These
widely used models are The Mechanical Model, The Phylogenetic
Model, and The Genetic Model. The
Mechanical Model sees ethical behavior as derived from and
determined by the outer power utilizing reward, punishment and the principle
of reinforcement. Good moral behavior results from stamped in habit
patterns developed by repeated reward. Bad moral behavior results
from
failure to reward properly or punish adequately. It is an external model
which in no ways accounts for ethical acts that occur without reward.
And this Mechanical Model excludes the self-concept or inner urgencies
as playing any part in ethical behavior.
The
Phylogenetic Model sees ethical behavior as bringing together
certain needs in the self and certain socially acceptable actions.
Primary drives are converted into, let us say, secondary
moral
drives. Needs become connected to socially accepted forms of behavior.
This model allows some room for man to be expressive, but it
is weak because it is harnessed, not released moral expressiveness.
The
Genetic Model, following its psychoanalytic parent, sees moral behavior
arising from infantile and childhood experiences. The problem of producing
moral behavior is the problem of sublimating man’s animalism into
ethical behavior.
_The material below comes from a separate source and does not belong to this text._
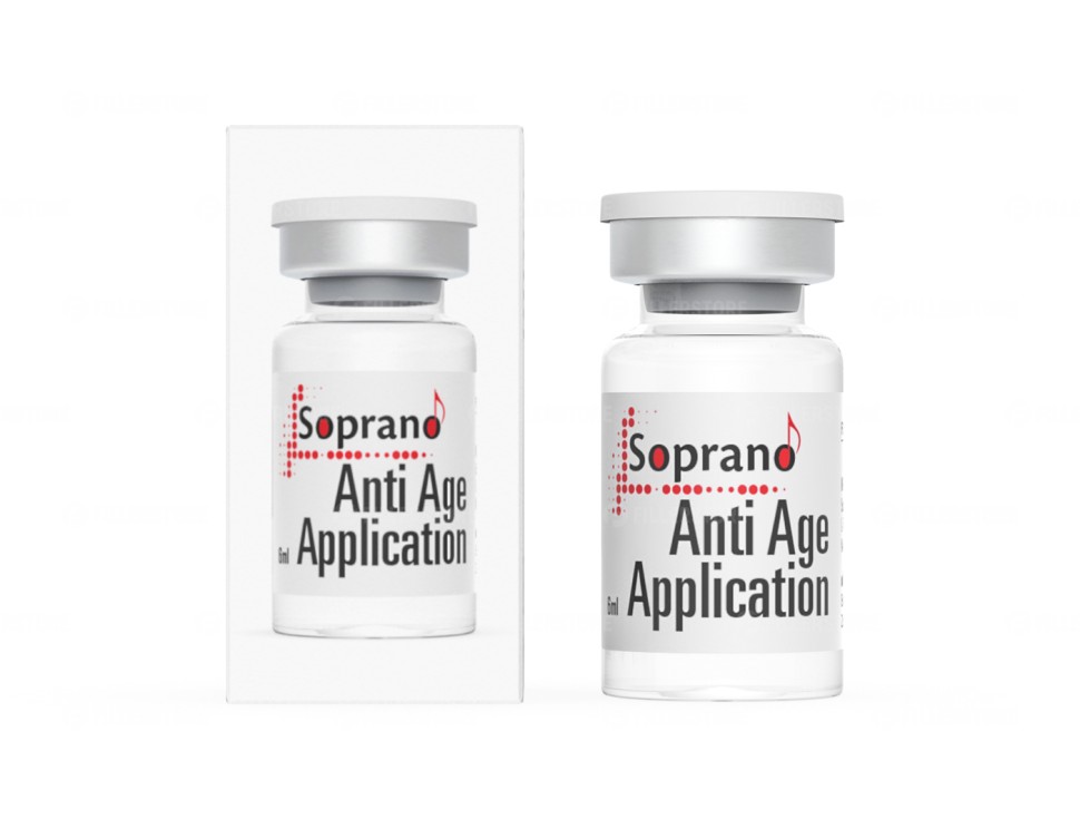 Soprano Anti Age application - специально разработан для коррекции признаков умеренного и выраженного фото- и хроноповреждения кожи лица и тела. Обеспечивает мощное омолаживающее воздействие на все структурные элементы кожи, участвует в коррекции иммунной системы, восстанавливает функциональную активность клеток, запускает процессы регенерации, нейтрализует действие свободных радикалов, предотвращает повреждение клеточных мембран. Компоненты препарата являются строительным материалом и используются для сборки новых коллагеновых фибрилл, что приводит к выраженному лифтинговому эффекту.

It sees man only as another animal and sees man
as one
which is fundamentally more similar rather than less similar to other
animals. Such a position may be correct, but certainly Woodworth’s
principle
of behavior primacy over need primacy and Krech and Crutchfield’s
concepts of deficiency and abundancy motivation challenge
the orthodox psychoanalytic genetic model. So too, do the concepts
expressed in the contributions of Lecky, Goldstein, Jung,
Maslow,
and by no means let us not forget MacDougall’s instinct and Allport’s
"Becoming."
Allport
in his writings on "Becoming" and Bonner (1, p. 409) in
his "Psychology
of Personality" offer, a fourth model, The Intentional Model,
as a
more appropriate explanation of ethical behavior. The Intentional
Model says:
"In
moral choices and discriminations we do not always
act on the basis of social concern, but on the
basis of the capacity to foresee the consequences of our
own acts. The more mature a person’s moral acts,
the more he moves on a plane of future orientation. Moral
habits are not mechanical responses merely, nor
are they largely instrumentalities for the satisfaction of
needs; they are both. But we cannot rest the case of ethical
discrimination on the impelling force of habit, either
instrumental or socially driven. The moral conscience of man
is unique in being basically self-propelled."
The
Intentional Model seems to explain some aspects of morality better
than do other models, but there may be two problems inherent in it.
First, will the research data existing today support that "the
moral conscience
of ALL men is unique in being basically self-propelled?" This criticism
may be unfair because the quotation above does recognize morality
as partially derived from "habit" and as partially
"instrumentalities for
the satisfaction of needs." But, one must ask: Does this model
recognize that
moralities may be also reaction formation transformation of some tendencies?
Another
criticism of The Intentional Model is less a criticism and more
an extension of the model as I understand it. It does not appear
that
The
Intentional Model, as it has been presented, spells out how
morality ay
change in a systematic way as man’s intentions systematically reorganize.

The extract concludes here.